Eventuell lässt sich dieser Effekt auch mit Manuka-Honig erreichen. Bis
es Manuka-Honig-Sprays geben wird, können wir uns jedoch mit anderen
Methoden behelfen. Interessanterweise wurde eine volatile (flüchtige)
Wirkung des Honigs beobachtet, als ein geöffnetes Honiggefäß neben
Petrischalen in einem Labor abgestellt worden war. Honigwirkstoffe
hatten offensichtlich mit ihren antibakteriellen Eigenschaften die
Bakterienkulturen auf dem Luftweg erreicht.

 

Regelmäßige
Dampfbäder, Nasenspülungen und Einreibungen in die Nase sowie Massagen
im oberen Brust- und Rückenbereich mit Manuka-Honig können der
Entzündung gezielt entgegenwirken, ohne die unerwünschten Nebenwirkungen
der konventionellen Mittel. Eine gleichzeitige Einnahme von
Manuka-Honig würde mögliche Ursachen im Darm mit einbeziehen. In der
chinesischen Medizin sind diese Zusammenhänge seit Ewigkeiten bekannt.

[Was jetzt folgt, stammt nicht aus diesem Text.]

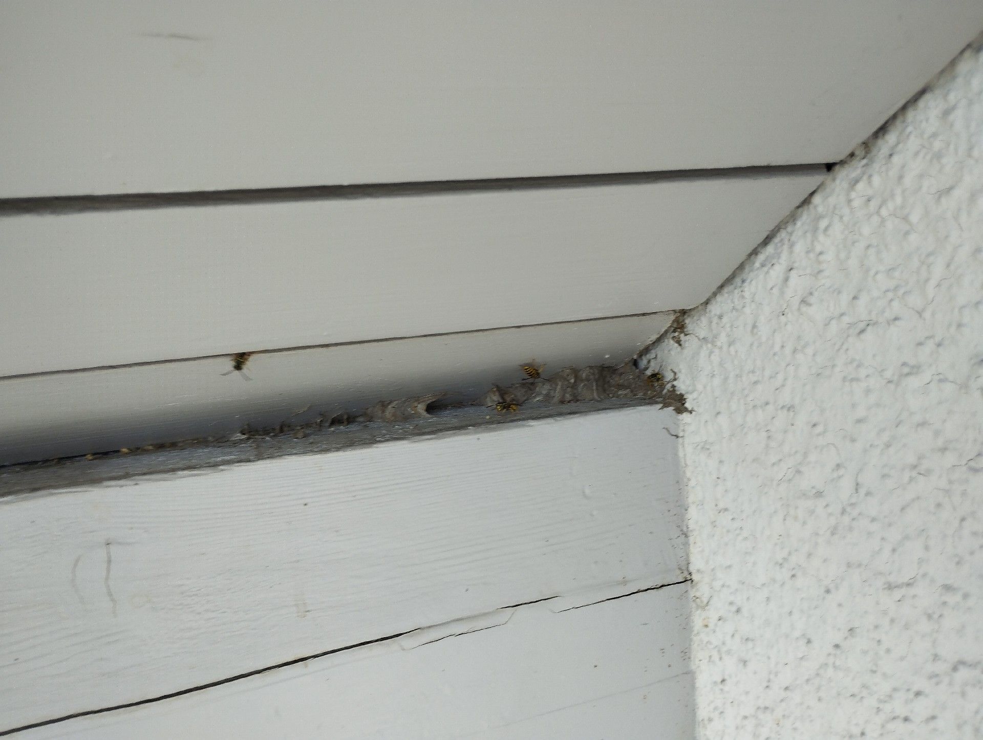 Das Abkleben des Einfluglochs kann zwar zu einer vorübergehenden Abhilfe beitragen, um die Wespen fernzuhalten, doch sie versuchen manchmal, ein neues Einflugloch zu schaffen, schlimmstenfalls ein Einflugloch ins Innere des Hauses oder direkt durch das beklebte Loch.
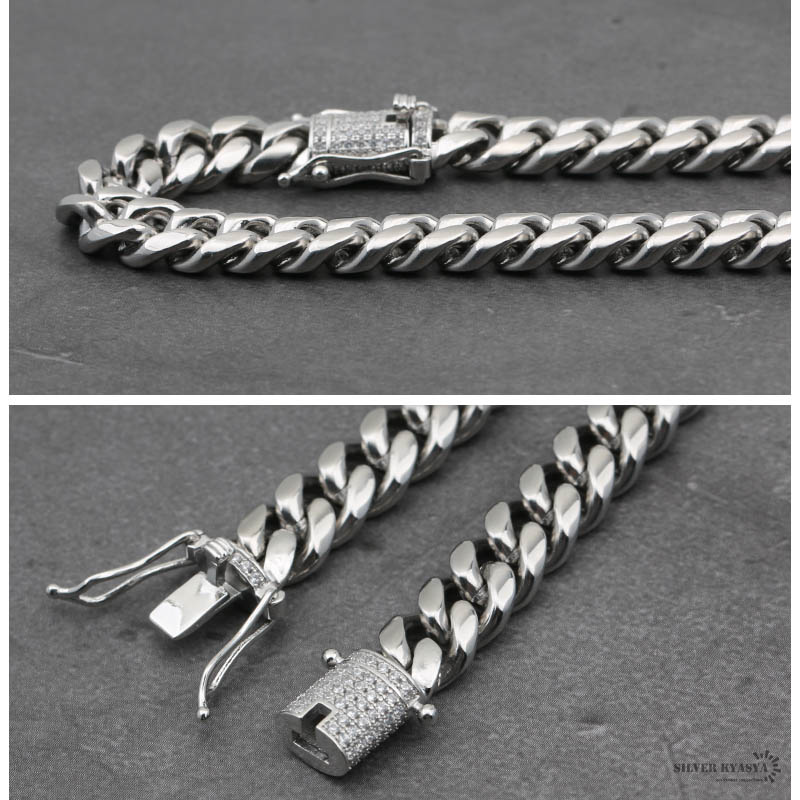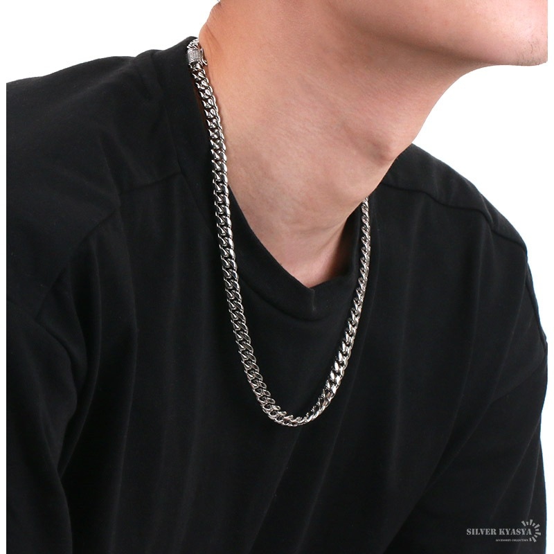 【SILVER KYASYA発大人気のチェーンネックレス】 HIP-HOPアーティストがこよなく愛する定番のマイアミキューバンリンクチェーンのネックレスタイプ。喜平チェーンとも呼ばれるこのネックレスは重厚感が首元のアクセントに最適なアイテムです。 【活躍シーン】 フェスやクラブ・音楽イベント等のシーンや、ダンス衣装に合わせるなど。もちろん普段使いとしてTシャツやお気に入りの服装とあわせても○ 自分へのご褒美としても、友人や恋人へのプレゼントやギフトとしてもおすすめです。 【PIC UP】 留め具はAAAランクのキュービックジルコニアをふんだんにパヴェしたラグジュアリーな二重ロックタイプをセット!留め具で差をつけるアイテムです! | |
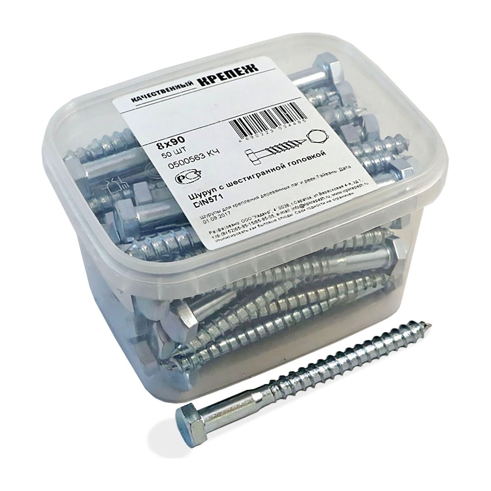 Шуруп с шестигранной головкой Качественный КРЕПЕЖ 8х90, 50 шт. 0500563 КЧ

Lunge und Dickdarm gelten dort als Partnerorgane. Dass der Darm dabei
gern sein Leid mit seiner Partnerin teilt, macht es nicht etwa halb so
schlimm, es erfährt jedoch umso mehr Aufmerksamkeit. Allerdings ist das
Bewusstsein der wenigsten derart sensibilisiert, dass es die Ursachen im
Darm suchen würde. Dort befindet sich häufig ein orientierungsloses
Immunsystem in ständiger Alarmbereitschaft, um gegen vermeintliche
Gefahren vorzugehen, die von Allerweltsnahrungsmitteln wie Weizen und
Kuhmilch auszugehen scheinen. Ein konsequentes Weglassen dieser Stoffe
bringt so manchem Asthmatiker bereits große Erleichterung. Bekannte
Allergene sollten natürlich ebenfalls gemieden werden.